A different tactile mechanism may be involved in healer perception of “effervescence” or “bubbles” while moving their hands through the client’s biofield; these sensations have not been reported in previous studies (Moga, 2017). The effervescence/bubbles may correspond to the “bright balls of plasma”, or small bursts of light, observed by clairvoyants along the edges of the body (Murphy, 1992). Healer touch sensations of effervescence may be a surface phenomenon with localized detection through nerve receptors in the healer’s hands. Opsins, light-activated receptors that mediate photoreception, have recently been detected in human skin (Haltaufderhyde et al., 2015), posing the possibility that healers may be able to detect, at a subconscious level, biophoton emission from a client’s body.

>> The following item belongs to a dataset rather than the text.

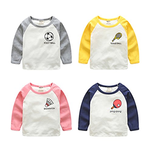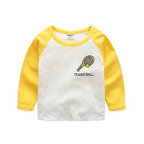 PANCY 子供服 春秋 長袖 Tシャツ キッズ トレーナー 丸い襟 男の子 女の子 かっこいい スポーツ プリント ホワイト(イエロー,130cm)

Healer touch sensations may provide important clues as to the composition of the human biofield and its emissions. Unlike visual and auditory signals, the touch signal is not a well-defined quantity, with much still to be learned about tactile perception (Dargahi and Najarian, 2004). An active area of research is the development of synthetic tactile sensors based on piezoelectric composites, with the goal of using such sensors in robotics and medical applications (Saccomandi et al., 2014). By mimicking healer touch sensations, such sensors could be used to detect aspects of the biofield, such as pressure vibrations and ‘heaviness’, as currently sensed by healers. In other words, the new synthetic sensors may be able to detect the human biofield, and provide a new measuring instrument for energy healing.